Art and Photography Arril Johnson - Side Salad - Art and Photography
Almost everything in this loose category manages to weave in and out of most of my personal and professional work. Various materials, hybrid techniques, and the same general aesthetic considerations, whether the intention is representational or non-objective ..... all of this can be placed here. Although, like the weevil at the top of this page, it'll probably turn up somewhere else eventually.
I was recording the meandering traces of bubbles from a toy while preparing action analysis material for teaching .... BUT ... are bubbles pretty? ... yes ... do children play? ... yes ... am I a child? ... basically .....

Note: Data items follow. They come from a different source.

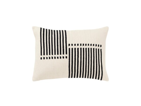 Cotton-polyester throw pillow cover with asymmetrical, Bauhaus-inspired color blocking; knife-edge finish and hidden zipper, 20x20 in. Insert not included.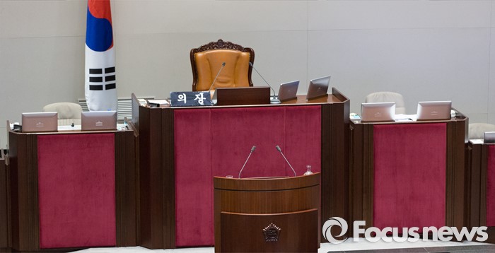(서울=포커스뉴스) 테러방지법 직권상정에 반발해 야당이 세계 최장 기록의 필리버스터(무제한 토론)를 진행한 2일 오후 서울 여의도 국회 본회의장에서 마지막 주자인 이종걸 더불어민주당 원내대표가 12시간 31분을 끝으로 무제한 토론을 마쳤다. 의장석과 단상이 9일 만에 빈자리를 보이고 있다. 마지막 주자로 나선 이 원내대표는 이날 정청래 의원의 기록인 11시간 40분을 경신한 12시간 31분을 기록하며 토론을 마쳤으며, 야당의 필리버스터는 약 193시간만에 종료됐다.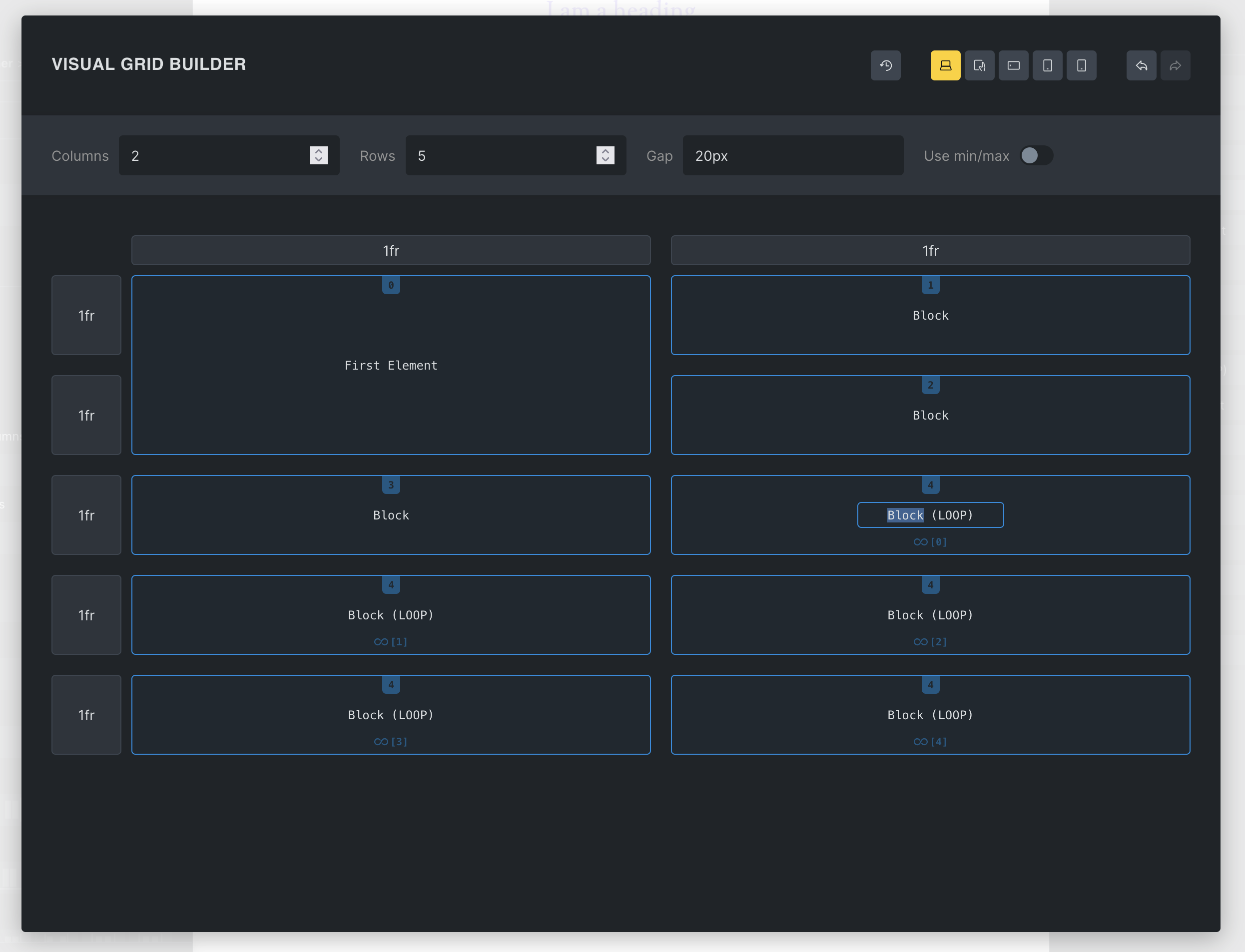 The new Visual Grid Builder allows you to visually design and manage your grid layouts. The feature becomes is available for any element with the display control set to grid, and allows you to:

- Unknown toddler in her own world.
- We think of children as children, but they think of themselves as people. They are smaller and less experienced, but they have a point of view, a rich inner life, and curiosity.
- Prime moments like this are precious ...
The roses in the front garden were doing what they do best and so, without clipping this one off, I took my shot, thought about its structural complexity, thought about a variation on the 'pattern' technique that I improvised this year, and tried to create an image that revealed both the beauty of the rose and the feeling of the underlying patterns that link everything we see.
I've noticed the traces of stubbed out cigarettes on the frosted plastic partition behind the driver's cab on some country buses and had photographed the abstracted and rhythmic burn marks before. I also had recently taken a short time exposure of a man crossing the road in front of a bus I was on. The two images combined into 'The Human Trace' which is both literal and slightly haunting, if you think of the burn marks as the traces of people who, unlike the man, are no longer living.
As for the second image ... Cheddar Gorge has its goats ... skies have crows ....
As for the second image ... Cheddar Gorge has its goats ... skies have crows ....
There is something about a waterfall ... the sound, the fresh smell, the power, the sense of being in a special place, and the memory of it. However, I only had time for a day trip to the bottom of my back steps ... so a seed tray full of water was rippled with a plant sprayer, three fist-sized rocks were lined up, the falls were done with salt poured down a black painted bit of aluminum foil, and Photoshop completed the fun ....
... some waterfalls are in the mind .... |
In early 2019 I continued to prepare photographic images and experiments driven by curiosity, the charm of the found, and a desire to play my hunches about what I could pull out of them. A few more involved the blurred/find edges technique that I developed several months ago, which appear lower down on this page, but my inclination to see a photograph as a painting or illustration resulted in another technique exploring difference/inversion and movement. Time exposures, customised glass filters, and other things that occur to me on the growing list of interesting and effective possibilities keep rolling out. Added to this has been the delightful need to generate graphic track images for my new SoundCloud site. https://soundcloud.com/arril-johnson
It's a good feeling ... I haven't lost my ability to play. Several of the newer photographic images appear below.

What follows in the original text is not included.